International Day against Homophobia, Transphobia and Biphobia was held on May 17 2017 to raise awareness of the violence and discrimination experienced by LGBTI people internationally. Principal Lawyer Andrew Jewell comments on the implications of a workplace not being accepting of those who identify as LGBTI.

See below article for further details:

PwC bites again; and ‘insouciant’ barrister spars in Federal Court tax dispute – Australian Financial Review

Firms hot for IDAHOT

Finally, a high-five to the firms that turned on a show in support of International Day Against Homophobia, Biphobia & Transphobia this week. MinterEllison hosted Greens MLC Lynn MacLaren, who introduced the 2013 Same-Sex Marriage Bill in Western Australia, in Perth, and Australians 4 Equality philanthropy director Brooke Horne in Sydney.

“It is important to us that our people can bring their whole selves to work and not feel the need to hide their gender identity, sexual orientation or gender expression from colleagues or clients,” said MinterEllison partner Katrina Groshinski.
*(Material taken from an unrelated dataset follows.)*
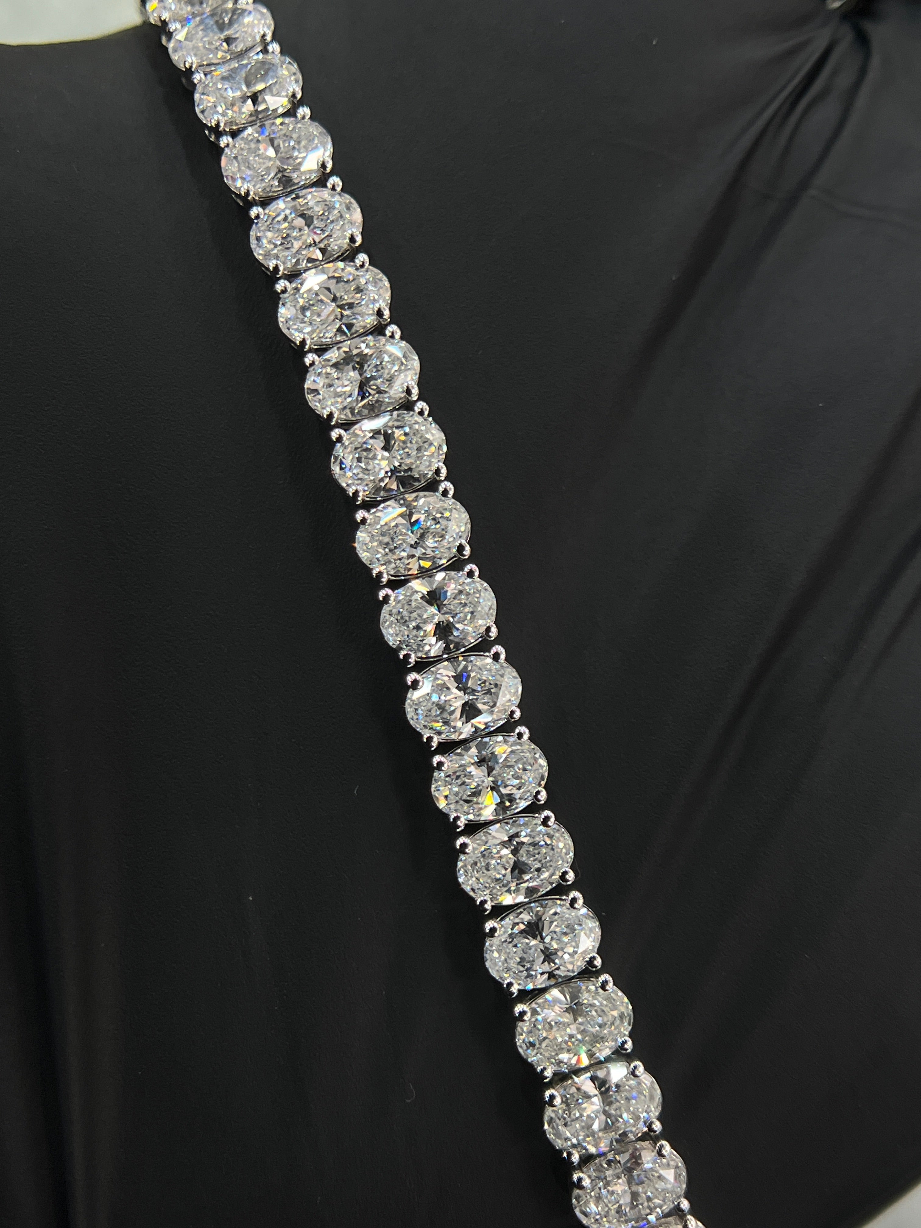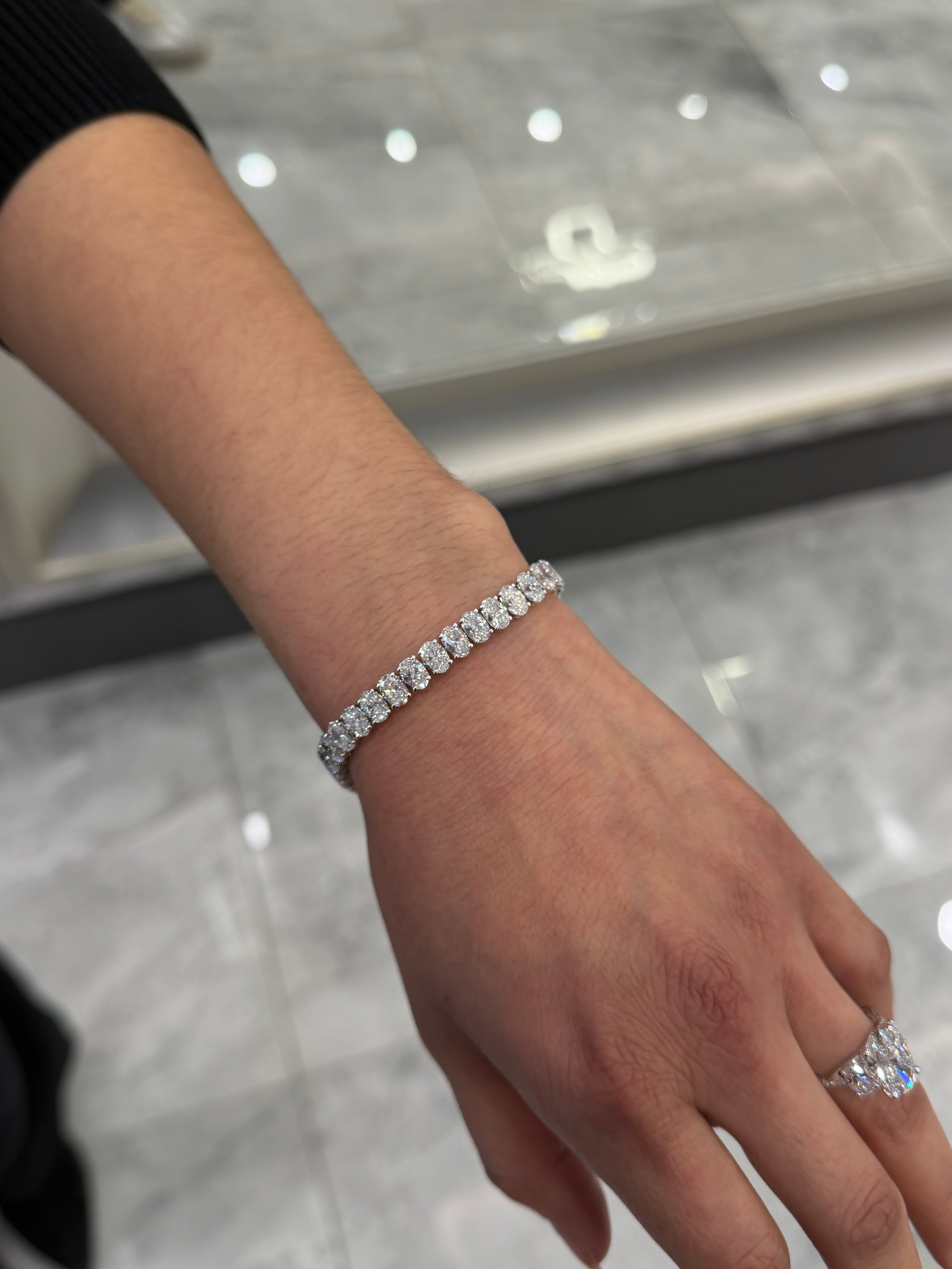 This stunning Lab diamond oval shape tennis bracelet expertly set in 14K white gold. Designed for timeless elegance with a modern edge, this piece delivers exceptional sparkle.
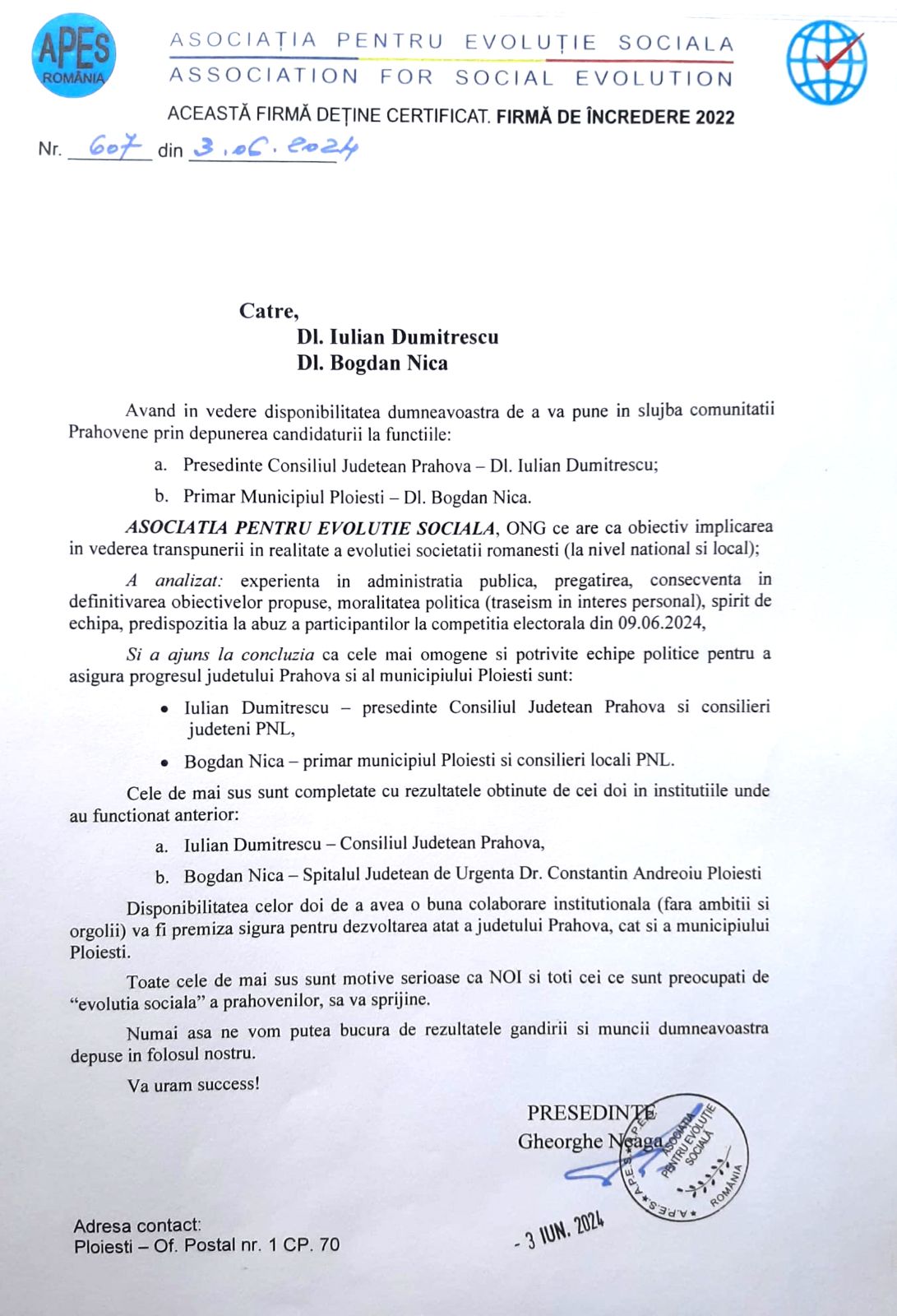 Un nou sprijin pentru echipa Iulian Dumitrescu (presedintele Consiliului Judetean Prahova) – Bogdan Nica (primarul municipiului Ploiesti) si din partea Asociatiei Pentru Evolutia Sociala

Upping the celebrity ante, Herbert Smith Freehills held a panel discussion of “leading lesbians in the field of sport and business” in its Melbourne office, including former Victorian cricket captain Kelly Applebee, facilitated by Victorian Human Rights and Equal Opportunity Commission executive director Catherine Dixon. Its London, Hong Kong, Perth (joined by Woodside, Shell and GE) and Brisbane offices also had events. In Brisbane, the star attraction was Olympic beach volleyball gold and bronze medallist Nat Cook.
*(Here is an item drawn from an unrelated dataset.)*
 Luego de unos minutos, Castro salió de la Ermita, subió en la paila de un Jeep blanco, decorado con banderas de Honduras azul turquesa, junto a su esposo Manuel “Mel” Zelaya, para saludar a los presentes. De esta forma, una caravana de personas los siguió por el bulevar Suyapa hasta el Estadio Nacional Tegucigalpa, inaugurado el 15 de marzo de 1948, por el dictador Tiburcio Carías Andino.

There was no disputing the message of global disputes head Justin D’Agostino (we know; Hearsay could have aimed higher with that pun): “We see daily reminders of the challenges that LGBTI individuals face. These events… represent our commitment to, and celebration of, gender identity and sexual orientation diversity.”

A recent local survey found almost 40 per cent of LGBTI people hide their sexuality at work. That is at a possibly large cost to productivity: a UK report by insurer Lloyds found a 15 to 30 per cent boost to productivity and 10 per cent increase in retention rate for staff who were “openly out”.
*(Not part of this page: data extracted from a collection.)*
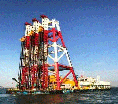 “CCCC DCM1”施工船為國內(nèi)首艘深層水泥拌合船,也是第一艘進(jìn)入3204標(biāo)施工現(xiàn)場(chǎng)的DCM船。該船全長60米,寬26米,型深4.1米,樁架高度48.6米,在國內(nèi)首次采用三組處理機(jī)裝置。DCM船一次處理面積可達(dá)13.92 平方米,最大處理深度可達(dá)水面下35米,配備了吃水儀、水深計(jì)、料位計(jì)、GPS等一系列先進(jìn)的自動(dòng)檢測(cè)儀器,其施工管理控制系統(tǒng)具有高度的自動(dòng)化性能,能夠?qū)崿F(xiàn)一鍵式制樁,并可以手動(dòng)、自動(dòng)施工任意轉(zhuǎn)換,自動(dòng)化程度達(dá)到了世界領(lǐng)先水平。截至目前,施工船已沉樁15根,滿足施工進(jìn)度要求。
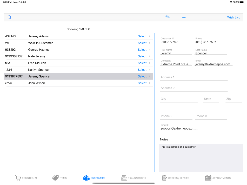 The Customers Screen is where you can view and edit certain information about the customers in your store database, as well as enter new customers.
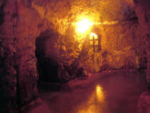 途中、女性専用の洞窟風呂があり、少し歩いた所に男性用がありました。入り口に籠が置いてあり、そこが脱衣所みたい。中に入ると、縦横無尽に洞窟があり、中は天然サウナ状態でした。お風呂はかなり浅いので、お風呂に入ると言うよりは、天然ミストサウナって感じです。
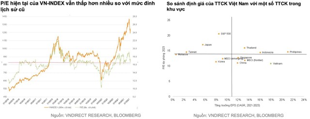 Theo ước tính của VNDIRECT, chỉ số VN-Index đang được giao dịch với mức P/E forward 2021 là 15,8 lần. Trên góc độ tăng trưởng lợi nhuận và định giá thị trường, Việt Nam là thị trường có mức định giá rất hấp dẫn xét trên triển vọng tăng trưởng lợi nhuận mạnh mẽ trong giai đoạn 2021-2023.
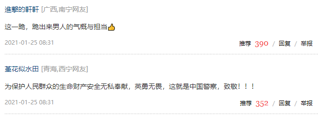 有人對警察的做法頗有微詞,認為警察不應該向罪犯跪下,有損警察身份的尊嚴。要我説警察這一跪,不是對罪犯的妥協,而是對人民生命的珍視;不是失去警察的尊嚴,而是頂天立地的壯舉!
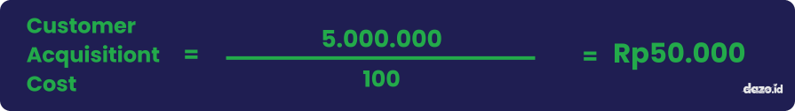 Misalnya, bisnis Anda menghabiskan Rp5.000.000 untuk Meta Ads dan dari kampanye tersebut Anda mendapatkan 100 pelanggan baru, maka:
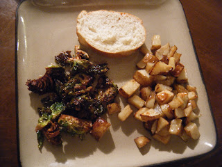 I know what you are thinking, brussel sprouts? but OMGoodness, I promise, if you try this you will love it.  Not only will you love it but your friends will love it and will call you months later to tell you that they love it. This is not the best picture but really no picture will be good enough to describe the awesome goodness that is this dish.
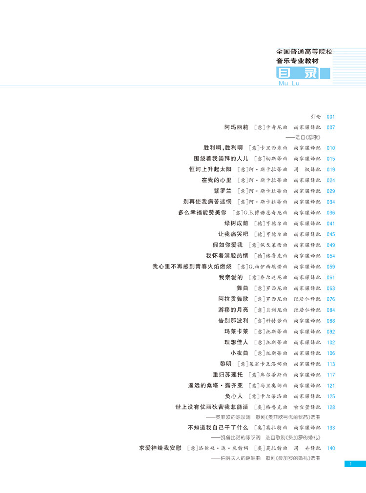 本书主要针对水平相对较高的声乐教学要求,作者从声乐(1-4)4册简谱歌曲中精心挑选了近100多首经典的外国民歌、艺术歌曲、歌剧作品,为五线谱带钢琴伴奏,所编歌曲兼顾了声乐初、中、高各级程度的教学需要。这100多首曲目分别编为2册,本书为第1册。学生通过各阶段循序渐进地学习,选择相应难度曲目进行演唱,可逐步提高其演唱能力和音乐审美与表达能力。
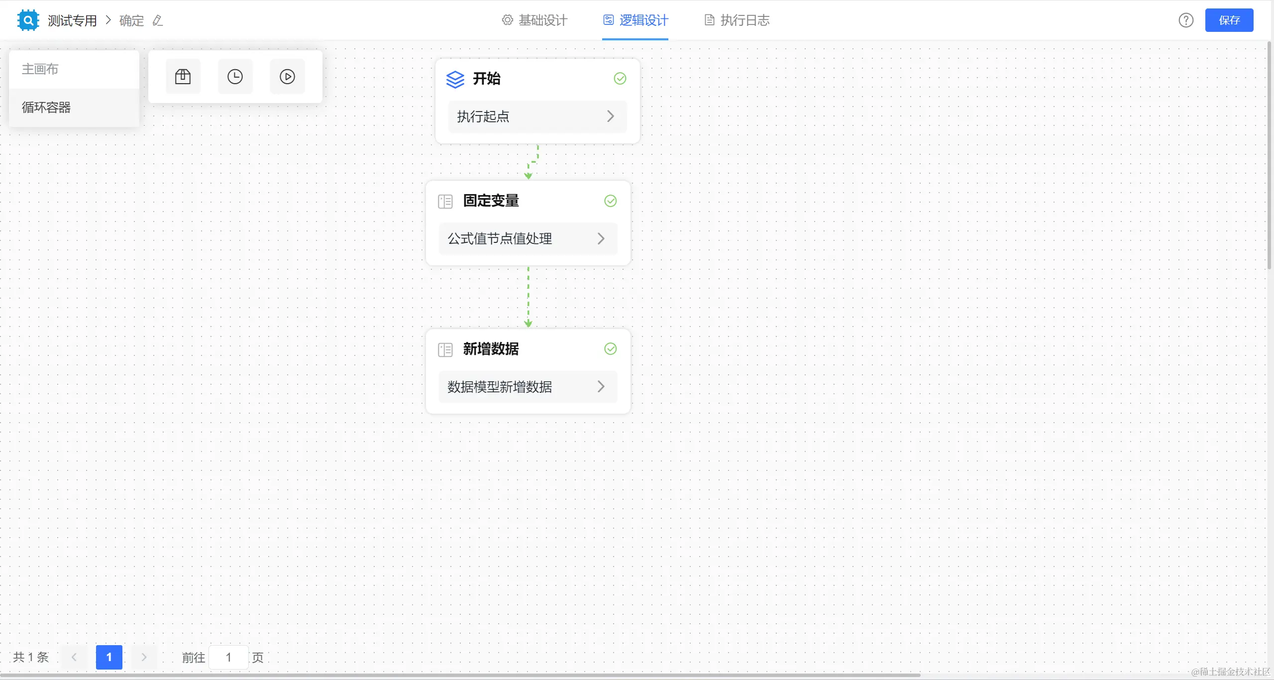 然后添加循环容器节点对文件解析的数据进行循环取值,再在循环画布里添加新增数据节点新增数据。
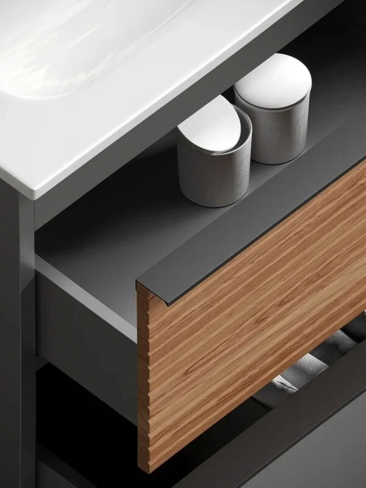 Тумба подвесная Sancos Delta 995х445х500, c двумя ящиками оснащенными доводчиками скрытого монтажа с системой Soft close (плавного закрывания), ручки чёрные профильные накладные , правая, дуб красный/графит, арт. DL100RGR
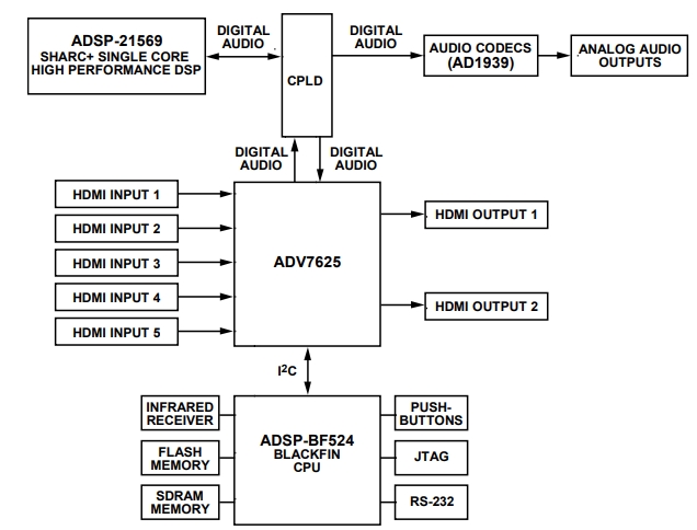 EVAL-MELODY-8评估板是一个专业平台,旨在让用户评估Analog Devices, Inc.(ADI公司)的高质量数字音频信号解码产品。该评估板配备了Blackfin® ADSP-BF524处理器,负责系统控制,以及SHARC® ADSP-21569,这是一款SHARC+®单核高性能数字信号处理器,专门用于音频解码。此外,评估板还集成了支持高带宽数字内容保护(HDCP)1.4技术的ADV7625高清晰度多媒体接口(HDMI®)收发器。用户在订购EVAL-MELODY-8评估板时,必须持有HDCP 1.4技术的授权许可。在使用该评估板时,应参考ADSP-21569和ADSP-BF524的数据手册以及本用户指南。

“If there is a workplace culture of not accepting those who identify as LGBTI can cause a myriad of issues, not only ethically and culturally but also legally,” said McDonald Murholme Principal Andrew Jewell.

The rockstar of the judicial world, former High Court judge Michael Kirby, saved his appearance that day for a less likely venue: Katoomba, the Blue Mountains village famed for its Three Sisters and frosty winters.

Johan Van Vloten, his partner of almost half a century, whose family lived in Lawson at one point, joined.

Their speaking circuit included a pitstop at the smashing local high school nestled a few blocks from those rock-steady sisters.  Hearsay has it on excellent, unbiased (ahem) authority that the school is a good one.

Top notch, judge.  Keep re-writing the rule book.

Reference: PwC bites again; and ‘insouciant’ barrister spars in Federal Court tax dispute, Australian Financial Review, 18th May 2017.